I know the command date +"%Y%m%d" can change today's date to digit format as below .
$date +"%Y%m%d"
20071217
it works fine .
now I want to do it back . If I have a file like below, (in the file , there are three lines, and each line have ; sign , after the ; sign is the date ) , I want to change the date of the first line to the format Dec 17 , can advise what can i do ? thx
$vi myfile
aaa;20071217
bbb;20071217
ccc;20071254
Here is an example awk script which should help you achieve what you want to do
BEGIN {
months = "Jan,Feb,Mar,Apr,May,Jun,Jul,Aug,Sep,Oct,Nov,Dec"
split(months, month, ",")
FS = ";"
}
$2 != "" {
y = substr($2,1,4)
m = substr($2,5,2)
m+= 0
d = substr($2,7,2)
d+= 0
printf "%s %d, %s\n", month[m], d, y
}
If you are looking for something that works like the date command but on arbitrary dates: there is no such thing, at least not to my knowledge.
You can emulate dates behavior, though, fpmurphy has already shown you how.
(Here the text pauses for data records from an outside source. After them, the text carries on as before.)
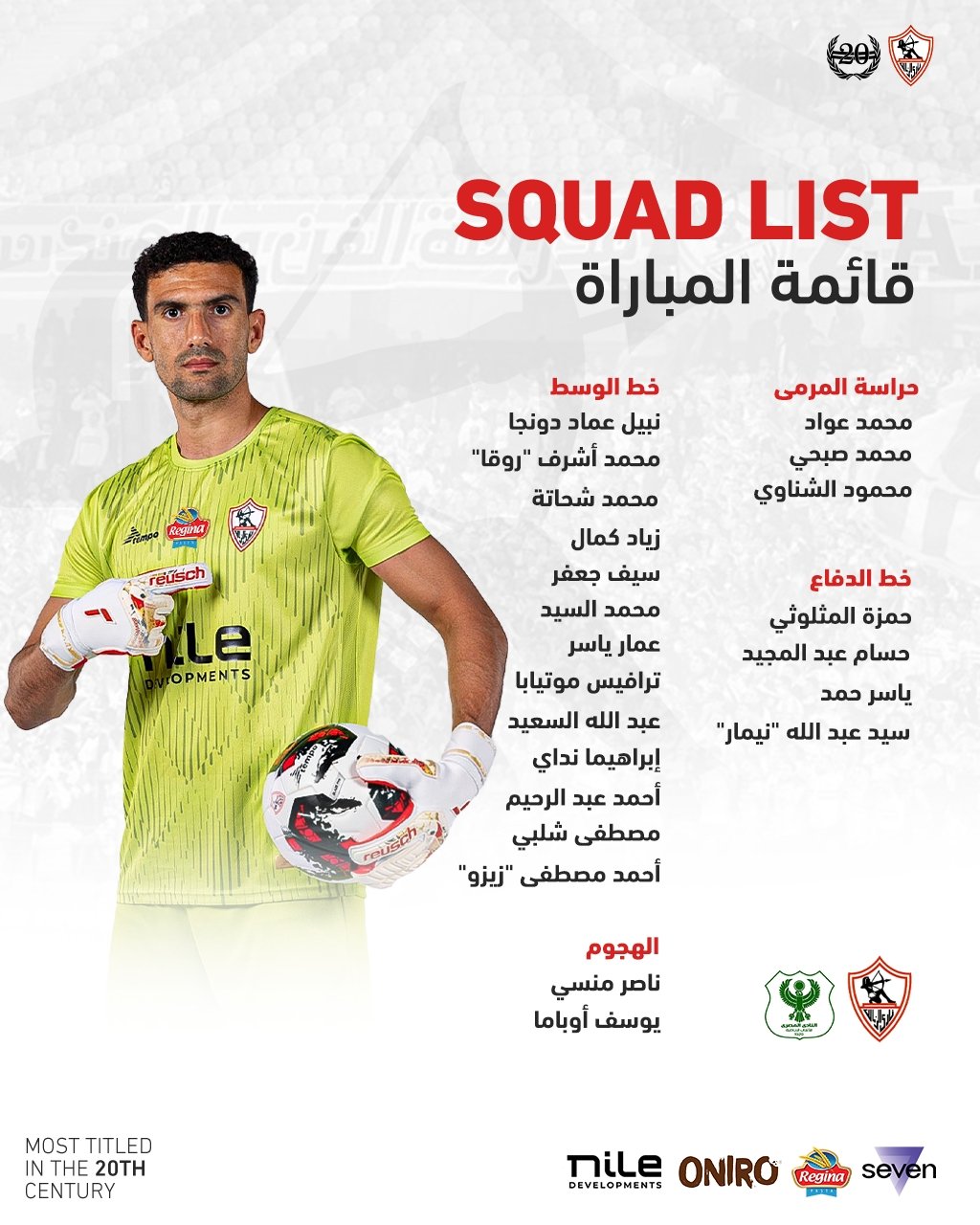 أعلن الجهاز الفني للفريق الأول لكرة القدم بنادي الزمالك بقيادة البرتغالي جوزيه جوميز، القائمة التي سيخوض بها الفريق مباراة المصري البورسعيدي.
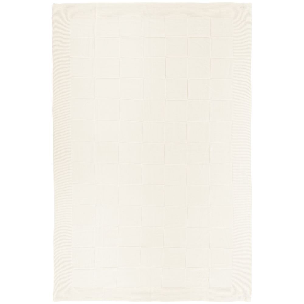 Однотонный плед рельефной вязки «в клеточку» с широким кантом, выполненным резинкой.
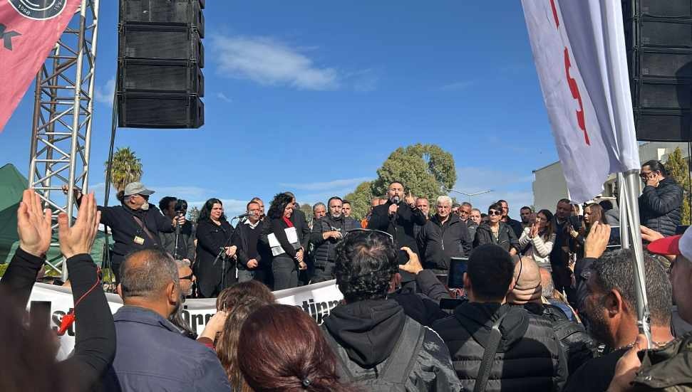 Kıbrıs Türk Kamu Görevlileri Sendikası (KAMUSEN) Başkanı Metin Atan ise, "Yasa çekilmediği sürece buradan gitmeyeceğiz siz de o koltukta oturmayacaksınız. Onlar yolunu belirledi bizim de yolumuz buradır. Çekecekler o yasayı. Yoksa son günleri. Yarın da yapacağız grev diğer gün de" ifadelerini kullandı
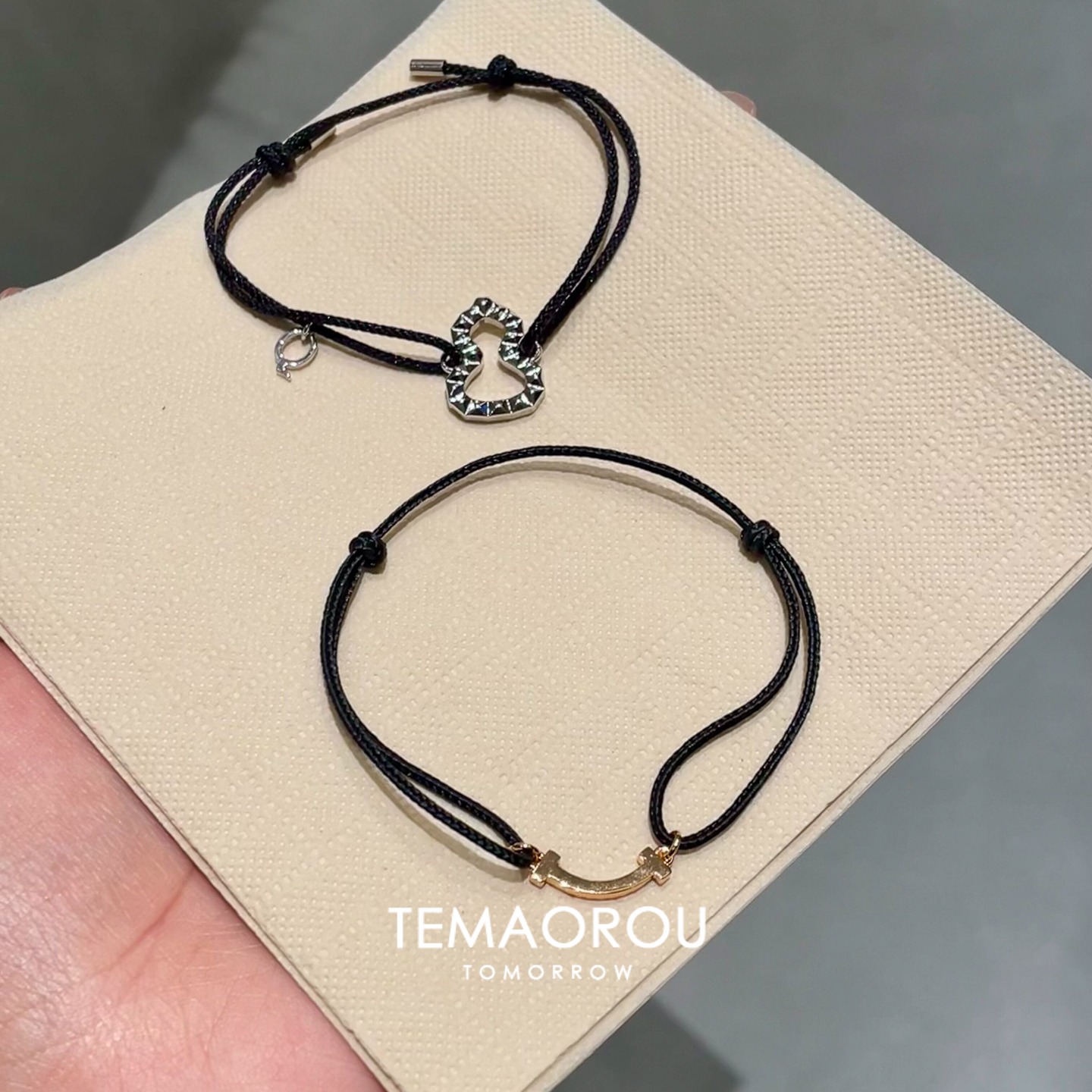 S925纯银葫芦黑色编绳手绳轻奢高级感小众时尚手链简约百搭手环女
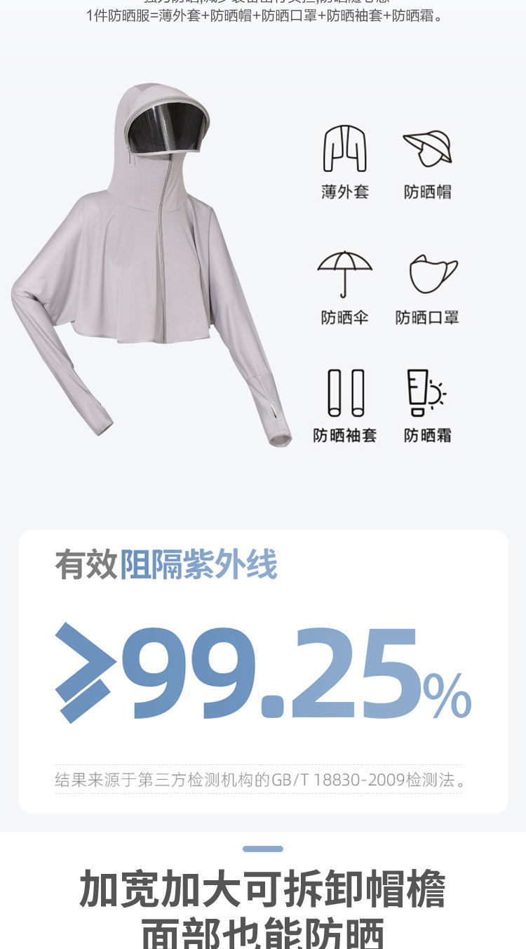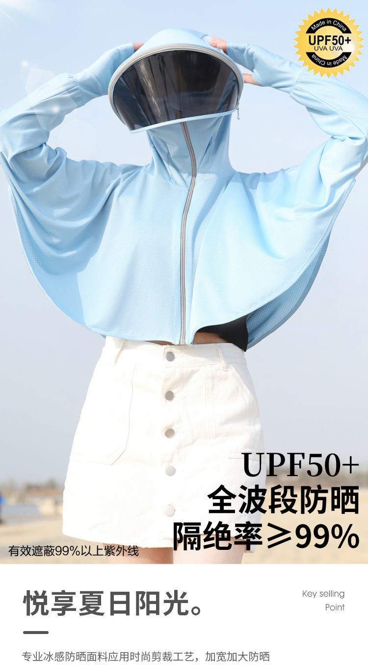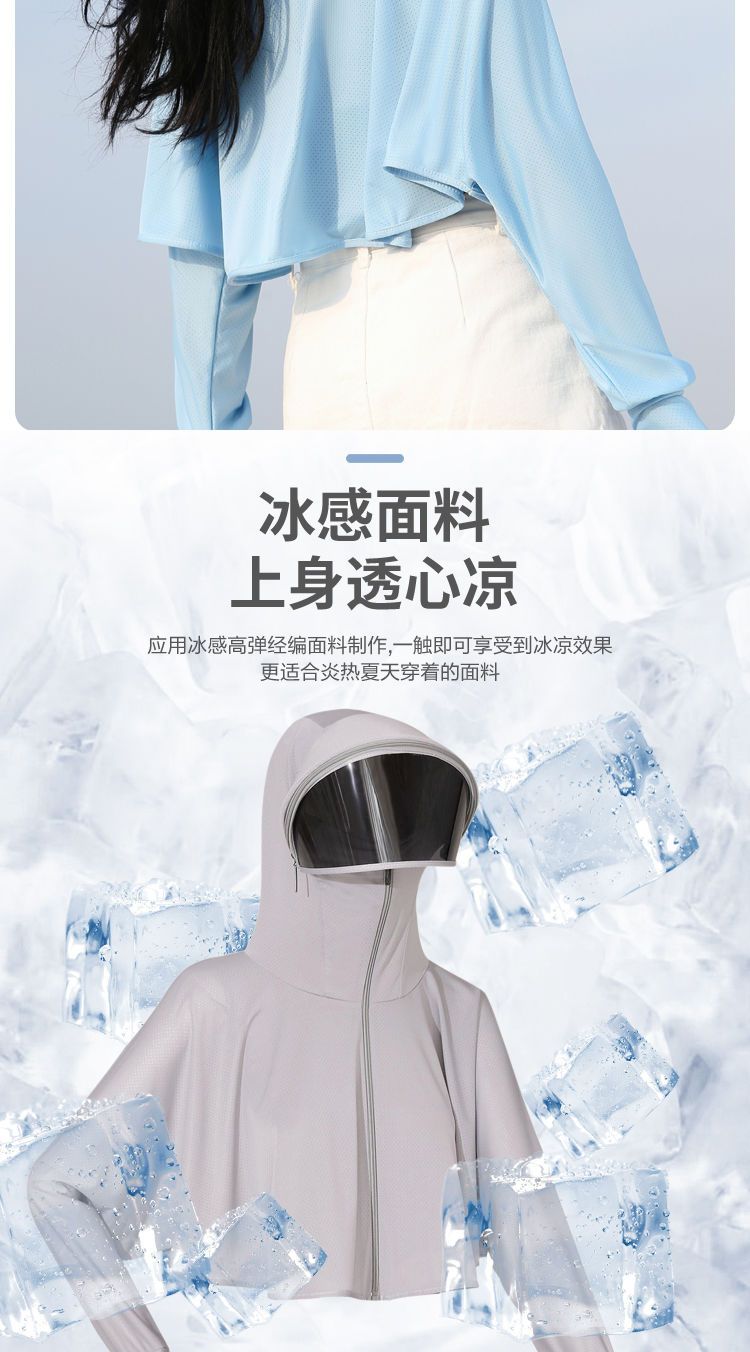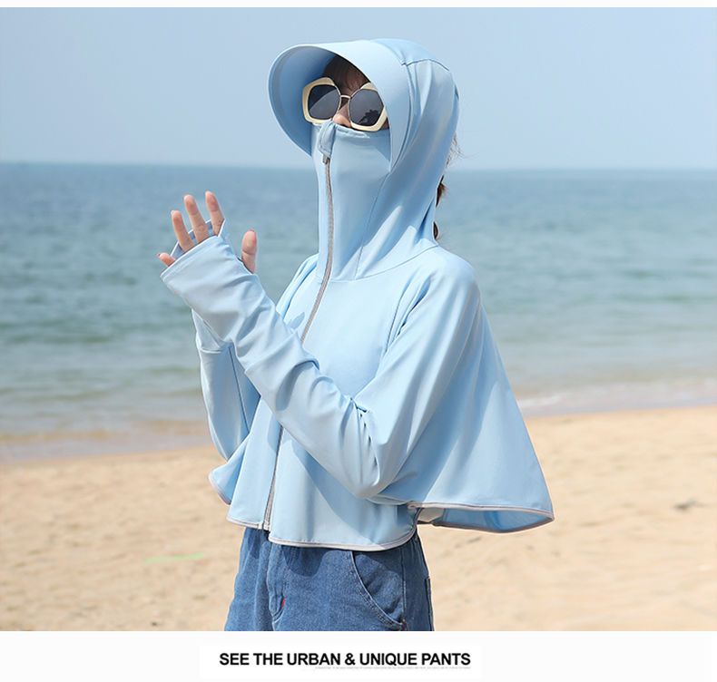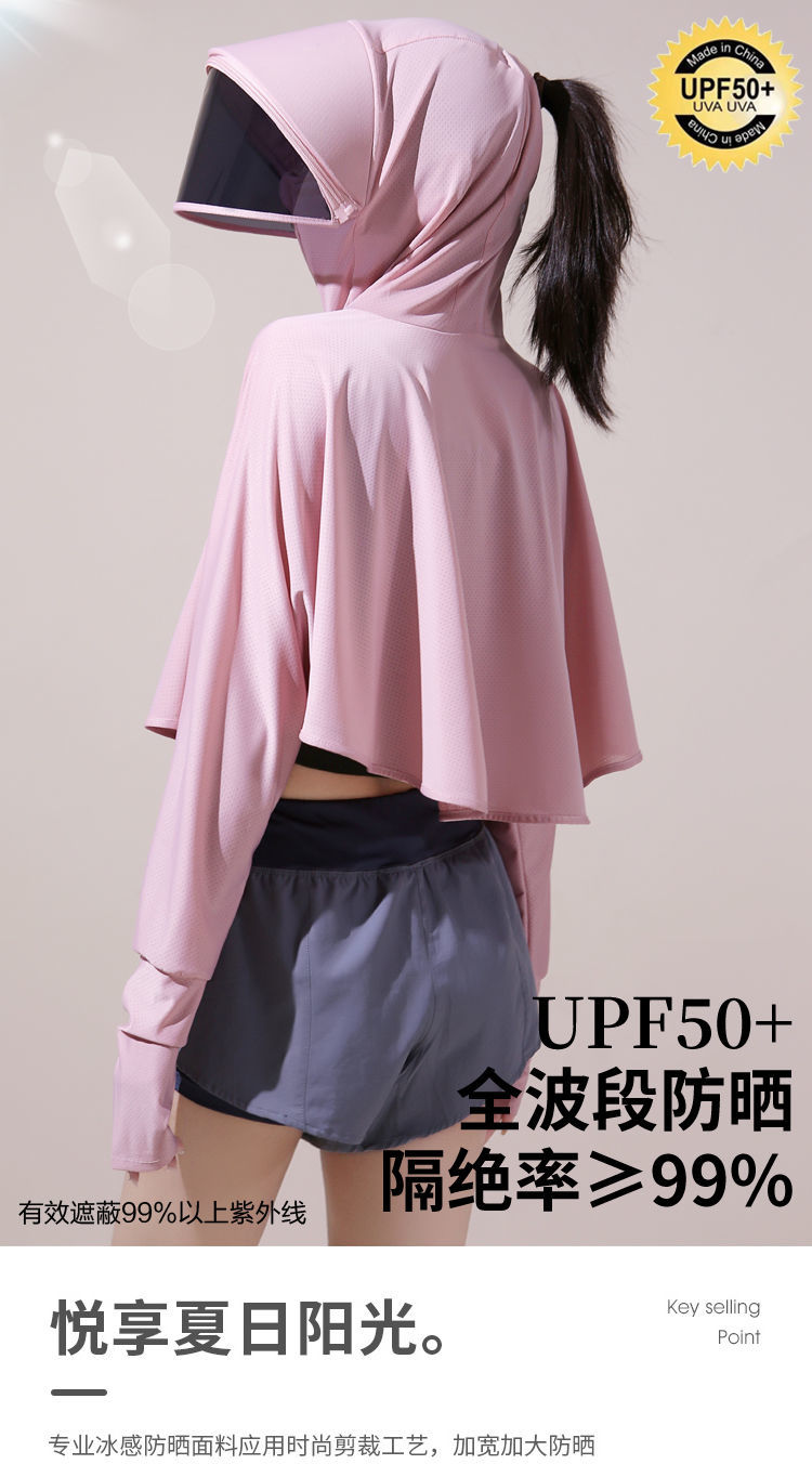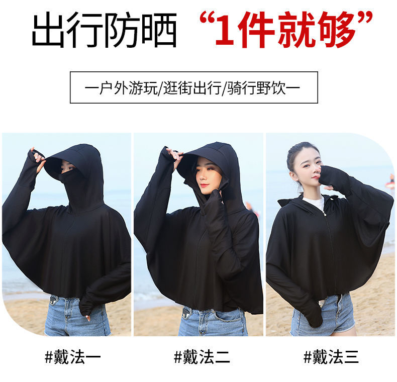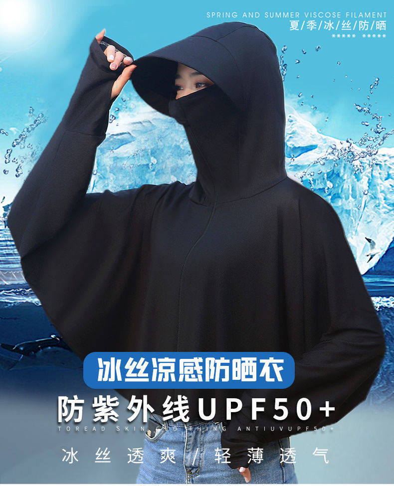 防晒衣女长袖冰丝薄款透气防紫外线防晒面罩可拆卸遮脸护颈骑车短

There are equivalent ways to achieve the same in shell script languages.
bakunin
best way is to parse it. if each field after the ; is exactly the same width - ie; first 4 digits are the year, next 2 digits are the month, and last 2 digits are the day, then it will be quite easy for you to convert with awk, or with a cut + date + case.
the last field may pose you issues though: 20071254
Man - December is going to be a long month this year!